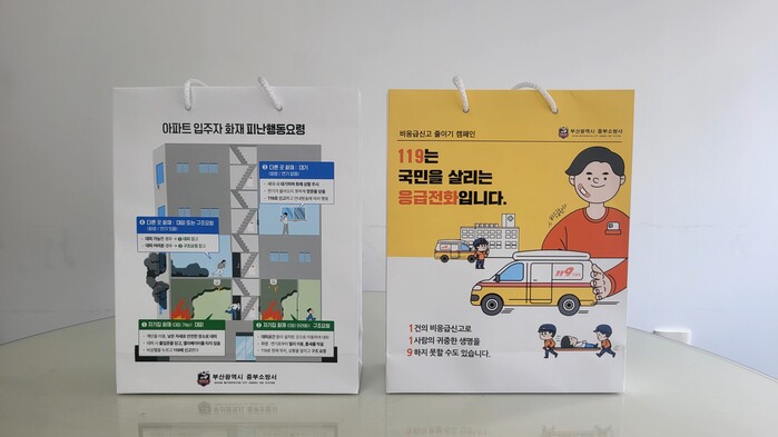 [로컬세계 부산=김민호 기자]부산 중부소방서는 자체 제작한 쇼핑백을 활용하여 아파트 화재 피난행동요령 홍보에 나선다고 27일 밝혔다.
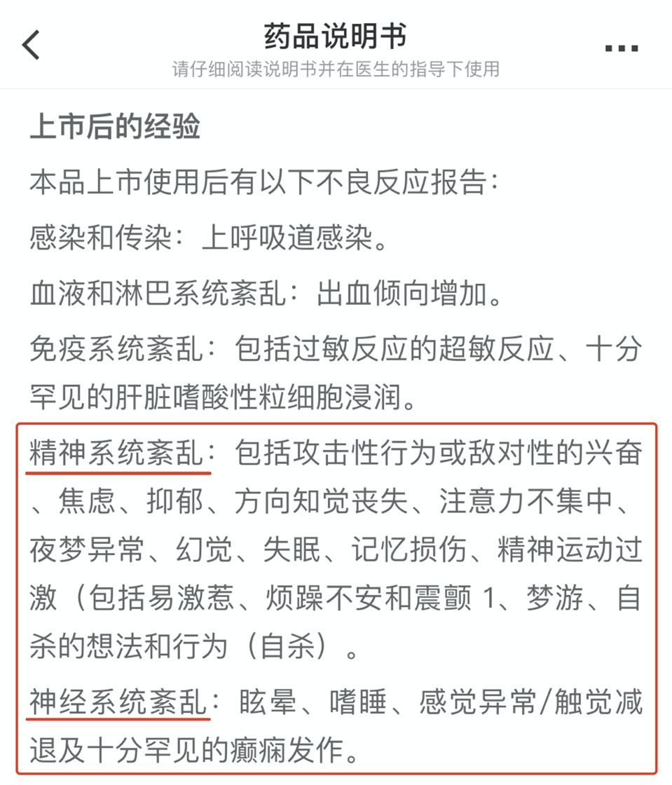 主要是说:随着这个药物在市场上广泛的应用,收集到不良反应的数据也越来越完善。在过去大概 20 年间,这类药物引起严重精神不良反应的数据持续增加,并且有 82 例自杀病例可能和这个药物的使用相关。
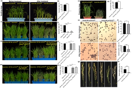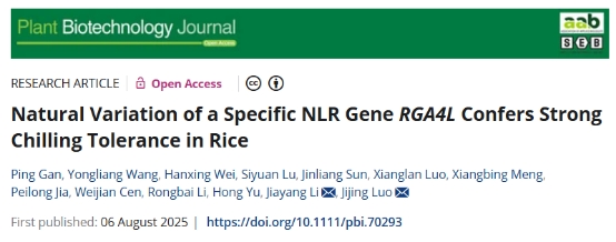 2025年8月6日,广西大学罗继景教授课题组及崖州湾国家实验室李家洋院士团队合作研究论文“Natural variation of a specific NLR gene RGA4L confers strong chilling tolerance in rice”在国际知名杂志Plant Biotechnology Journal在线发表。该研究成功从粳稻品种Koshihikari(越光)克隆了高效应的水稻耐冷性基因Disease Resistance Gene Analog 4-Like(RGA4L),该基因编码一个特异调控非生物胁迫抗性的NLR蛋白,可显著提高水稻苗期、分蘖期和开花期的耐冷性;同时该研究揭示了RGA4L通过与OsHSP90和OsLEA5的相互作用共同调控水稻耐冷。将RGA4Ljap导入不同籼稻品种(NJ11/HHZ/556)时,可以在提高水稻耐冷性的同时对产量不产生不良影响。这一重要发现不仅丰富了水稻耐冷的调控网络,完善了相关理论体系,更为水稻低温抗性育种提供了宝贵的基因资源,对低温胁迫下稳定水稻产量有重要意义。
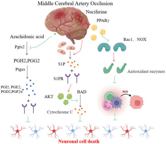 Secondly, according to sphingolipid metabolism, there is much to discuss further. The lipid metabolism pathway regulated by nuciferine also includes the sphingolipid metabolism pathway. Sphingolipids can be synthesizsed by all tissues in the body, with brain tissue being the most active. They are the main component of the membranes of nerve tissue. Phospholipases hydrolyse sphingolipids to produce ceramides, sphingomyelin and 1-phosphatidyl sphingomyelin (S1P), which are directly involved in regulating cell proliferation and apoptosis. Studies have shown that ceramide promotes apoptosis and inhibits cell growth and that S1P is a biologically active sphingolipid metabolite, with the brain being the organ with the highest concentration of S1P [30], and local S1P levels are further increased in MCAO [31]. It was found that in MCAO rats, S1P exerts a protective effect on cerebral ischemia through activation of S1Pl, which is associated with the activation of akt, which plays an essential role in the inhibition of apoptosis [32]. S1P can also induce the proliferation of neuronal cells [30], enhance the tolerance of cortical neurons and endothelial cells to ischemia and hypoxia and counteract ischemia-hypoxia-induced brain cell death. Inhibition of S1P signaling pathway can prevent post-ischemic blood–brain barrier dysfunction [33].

__EXERCISE DETAILS__: Print the data above from its first line through the line that has "variation of a", exactly and with nothing else, omitting pictures.

__RESPONSE TO THE EXERCISE__:
 [로컬세계 부산=김민호 기자]부산 중부소방서는 자체 제작한 쇼핑백을 활용하여 아파트 화재 피난행동요령 홍보에 나선다고 27일 밝혔다.
 主要是说:随着这个药物在市场上广泛的应用,收集到不良反应的数据也越来越完善。在过去大概 20 年间,这类药物引起严重精神不良反应的数据持续增加,并且有 82 例自杀病例可能和这个药物的使用相关。
 2025年8月6日,广西大学罗继景教授课题组及崖州湾国家实验室李家洋院士团队合作研究论文“Natural variation of a specific NLR gene RGA4L confers strong chilling tolerance in rice”在国际知名杂志Plant Biotechnology Journal在线发表。该研究成功从粳稻品种Koshihikari(越光)克隆了高效应的水稻耐冷性基因Disease Resistance Gene Analog 4-Like(RGA4L),该基因编码一个特异调控非生物胁迫抗性的NLR蛋白,可显著提高水稻苗期、分蘖期和开花期的耐冷性;同时该研究揭示了RGA4L通过与OsHSP90和OsLEA5的相互作用共同调控水稻耐冷。将RGA4Ljap导入不同籼稻品种(NJ11/HHZ/556)时,可以在提高水稻耐冷性的同时对产量不产生不良影响。这一重要发现不仅丰富了水稻耐冷的调控网络,完善了相关理论体系,更为水稻低温抗性育种提供了宝贵的基因资源,对低温胁迫下稳定水稻产量有重要意义。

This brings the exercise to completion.